**DATA FOR THIS TASK:**

::::::::::

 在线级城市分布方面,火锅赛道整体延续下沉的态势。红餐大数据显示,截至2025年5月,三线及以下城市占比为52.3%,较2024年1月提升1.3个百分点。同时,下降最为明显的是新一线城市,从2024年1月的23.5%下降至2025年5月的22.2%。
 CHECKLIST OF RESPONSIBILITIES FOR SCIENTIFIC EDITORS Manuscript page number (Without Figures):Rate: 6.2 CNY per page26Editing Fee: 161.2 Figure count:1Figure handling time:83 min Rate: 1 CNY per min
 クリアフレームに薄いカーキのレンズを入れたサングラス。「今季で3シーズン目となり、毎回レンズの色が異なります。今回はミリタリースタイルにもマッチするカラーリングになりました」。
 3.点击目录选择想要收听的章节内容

::::::::::

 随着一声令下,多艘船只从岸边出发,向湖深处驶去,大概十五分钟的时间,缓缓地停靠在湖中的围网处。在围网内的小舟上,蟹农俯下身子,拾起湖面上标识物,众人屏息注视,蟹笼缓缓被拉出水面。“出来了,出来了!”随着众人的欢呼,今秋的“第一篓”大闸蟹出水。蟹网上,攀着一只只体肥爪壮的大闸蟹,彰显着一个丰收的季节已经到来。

::::::::::

Taking the entries above, restate exactly those lines that fall between the line with "在线级城市分布方面,火锅赛道" and the line with "3.点击目录选择想要收听的章节内容", keeping both of those lines too.

 在线级城市分布方面,火锅赛道整体延续下沉的态势。红餐大数据显示,截至2025年5月,三线及以下城市占比为52.3%,较2024年1月提升1.3个百分点。同时,下降最为明显的是新一线城市,从2024年1月的23.5%下降至2025年5月的22.2%。
 CHECKLIST OF RESPONSIBILITIES FOR SCIENTIFIC EDITORS Manuscript page number (Without Figures):Rate: 6.2 CNY per page26Editing Fee: 161.2 Figure count:1Figure handling time:83 min Rate: 1 CNY per min
 クリアフレームに薄いカーキのレンズを入れたサングラス。「今季で3シーズン目となり、毎回レンズの色が異なります。今回はミリタリースタイルにもマッチするカラーリングになりました」。
 3.点击目录选择想要收听的章节内容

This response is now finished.